TASK: Starting from the line with "根據國家統計局公布數據,20", please copy exactly every line to the end of the listing, but not the pictures.
═════ DATA FOR THIS TASK ═════
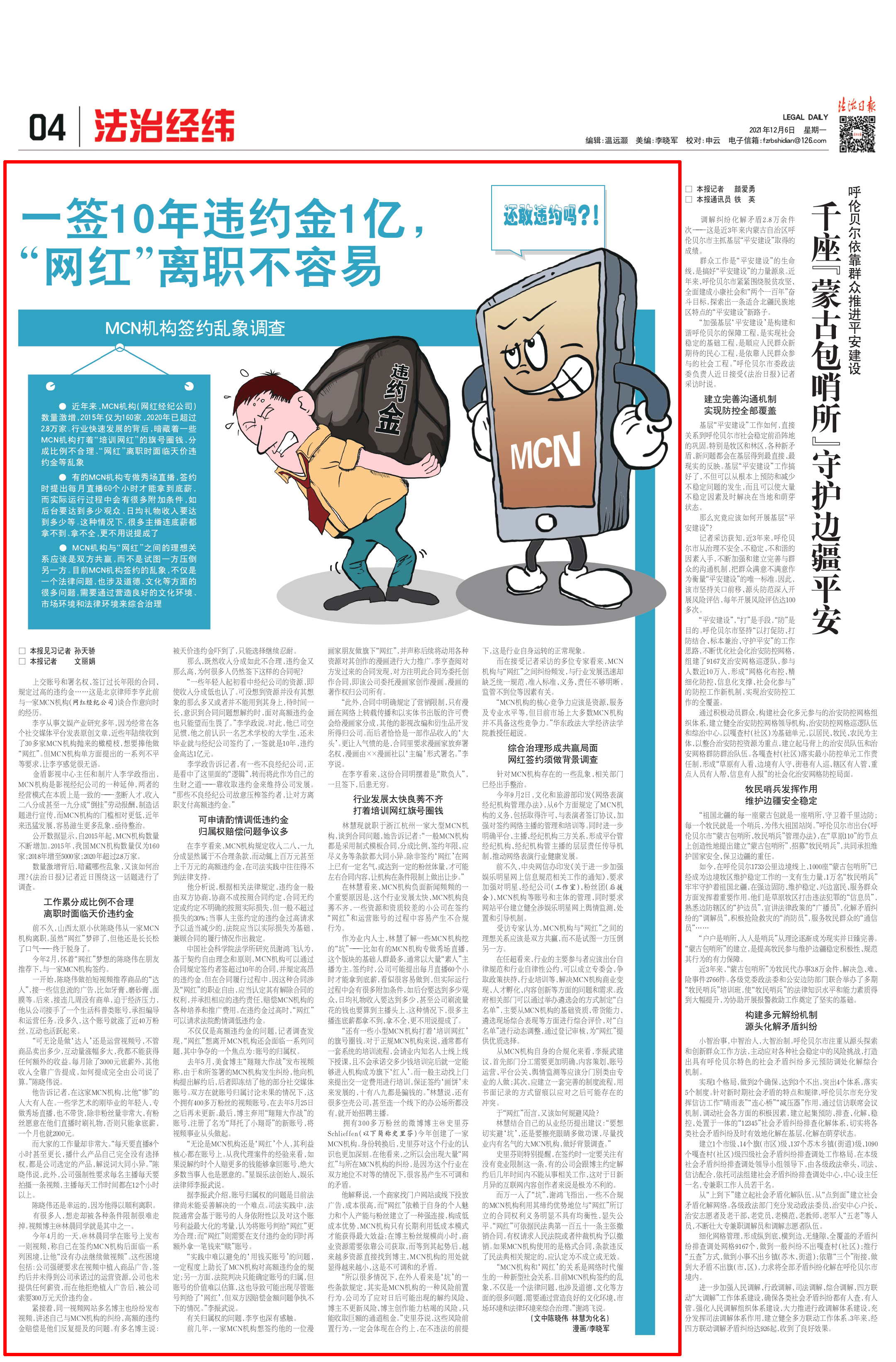 上交賬號和署名權、簽訂過長年限的合同、規定過高的違約金……這是北京律師李亨此前與一家MCN機構(網紅經紀公司)談合作意向時的經歷。
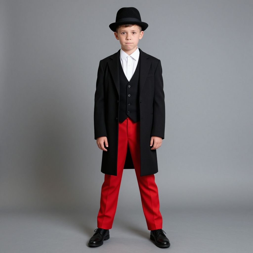 Photograph of a young boy with pale skin, wearing a black hat, long black coat, white shirt, red trousers, and black shoes, standing
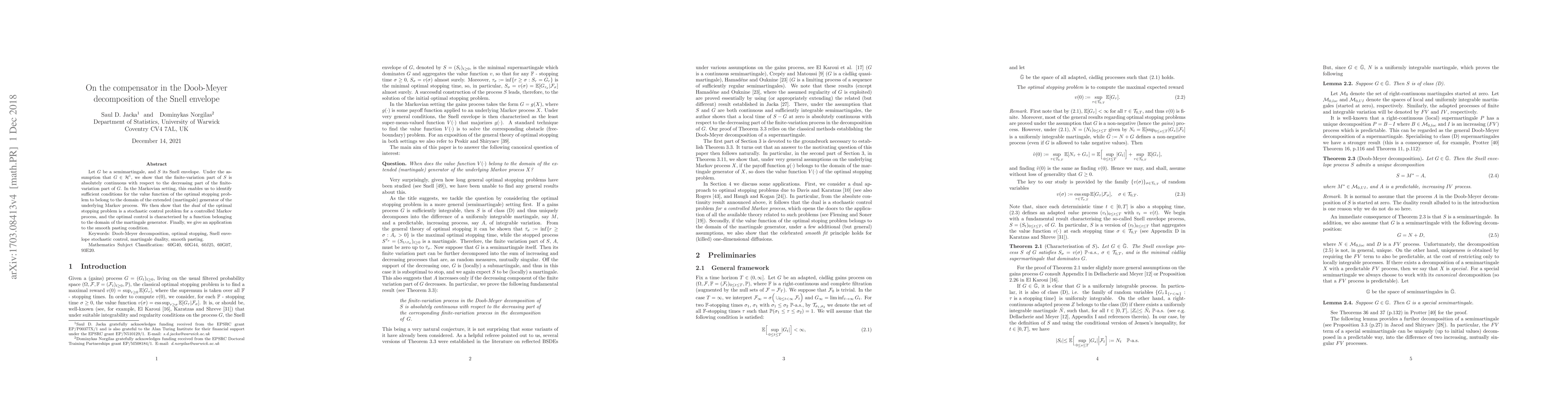The paper presents a detailed analysis of the Doob-Meyer decomposition of the Snell envelope, extending previous work to show absolute continuity under specific conditions and identifying the dual problem as a stochastic control issue.
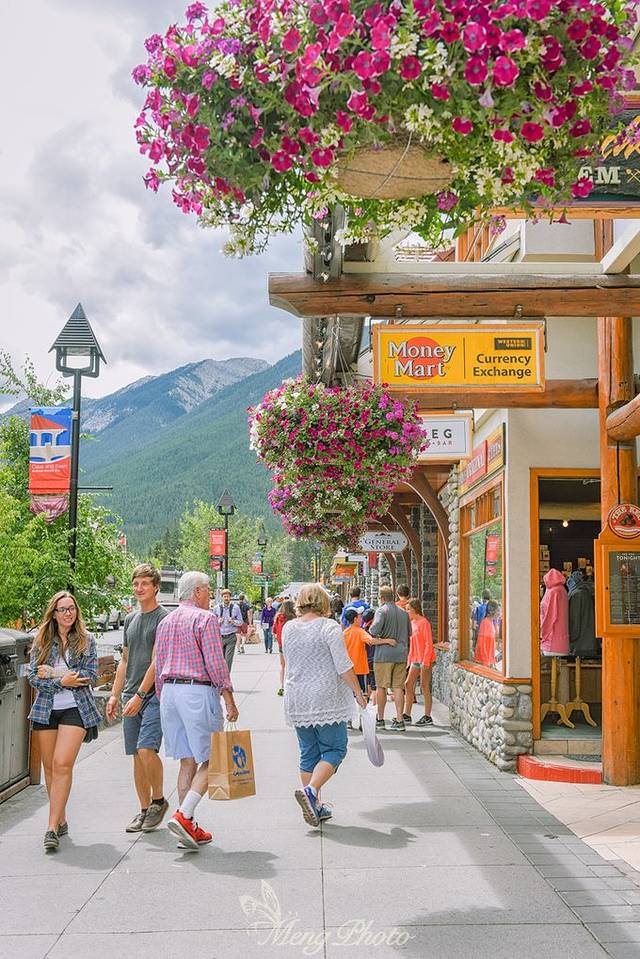 在班芙小镇,你可以加入勿忙的游人逛一逛纪念品店,也可以沿着小路走到小镇边缘,欣赏碧绿色的弓河水缓缓流动。
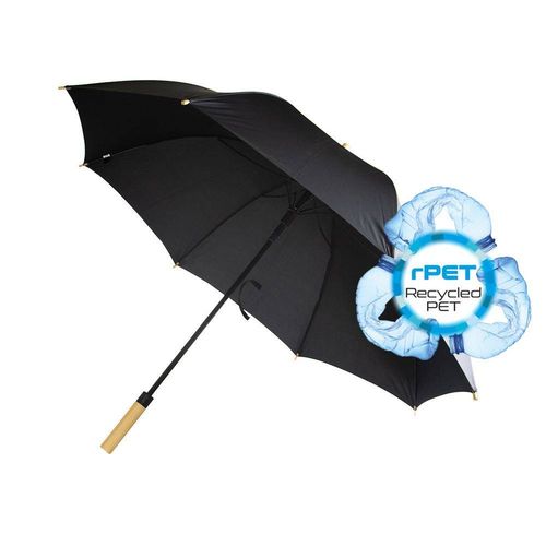 Parasol automatyczny B'RIGHT, wykonany z RPET, bambusowa rączka, 8 paneli, posiada certyfikat GRS (Global Recycled Standard) na materiał RPET pongee
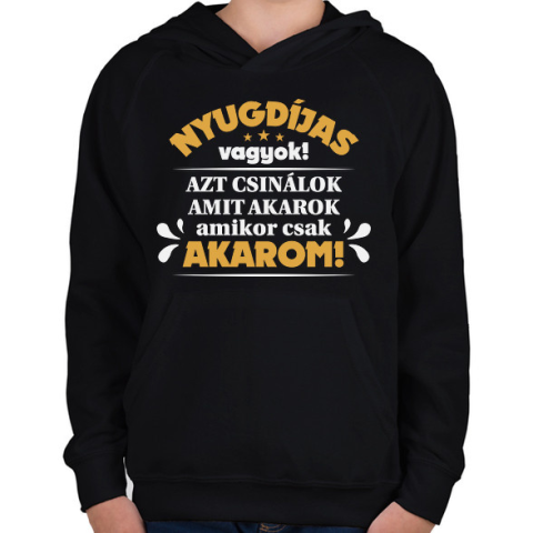 1 kép PRINTFASHION Nyugdíjas vagyok! - Gyerek kapucnis pulóver - Fekete
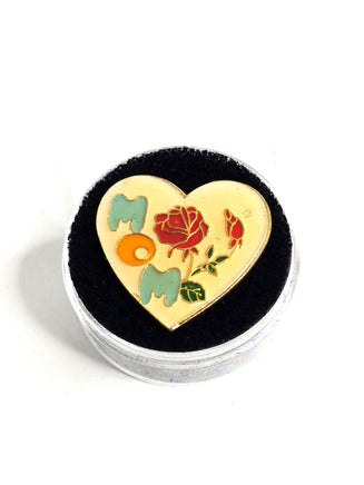 This vintage collectible pin, shaped like a heart, features "MOM" in playful, colorful lettering alongside a red rose and bud. Its charming design makes it a sweet and nostalgic token, perfect for expressing affection.
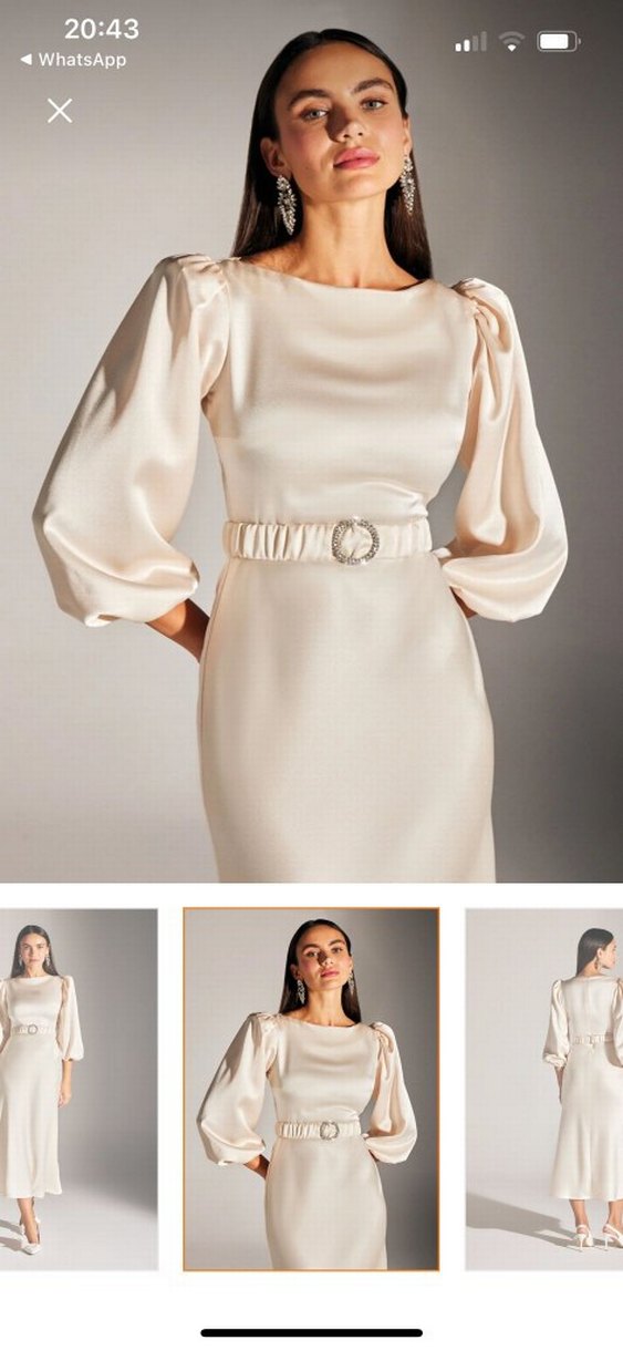 Bej renkte, saten dokulu, kemerli ve uzun kollu midi elbise. Tek renk, tek parça ve klasik şıklık sunar. ✨ 4 saat giyildii sadece trendyoldaki guncel fiyatii 3.300
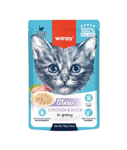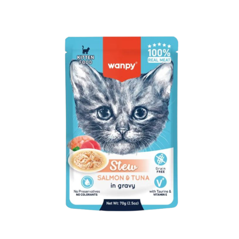 Wanpy Kitten Stew med laks og tun i lækker sovs er 100% ægte kød og helt uden korn, farvestoffer eller konserveringsmidler.
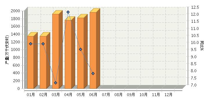 根據國家統計局公布數據,2014年1~6月,全國鉛酸蓄電池行業累計完成產量10,737.78萬千伏安時,同比增長8.10%。其中6月份完成產量1962.62萬千伏安時,同比增長8.07%。2014年全國鉛酸蓄電池行業月度產量及同比如下圖所示。
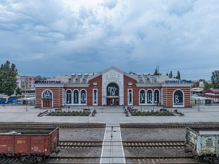 Над залізничним вокзалом Краматорська замайорів біло-чорний Прапор надії
═════
ANSWER AREA:
 根據國家統計局公布數據,2014年1~6月,全國鉛酸蓄電池行業累計完成產量10,737.78萬千伏安時,同比增長8.10%。其中6月份完成產量1962.62萬千伏安時,同比增長8.07%。2014年全國鉛酸蓄電池行業月度產量及同比如下圖所示。
 Над залізничним вокзалом Краматорська замайорів біло-чорний Прапор надії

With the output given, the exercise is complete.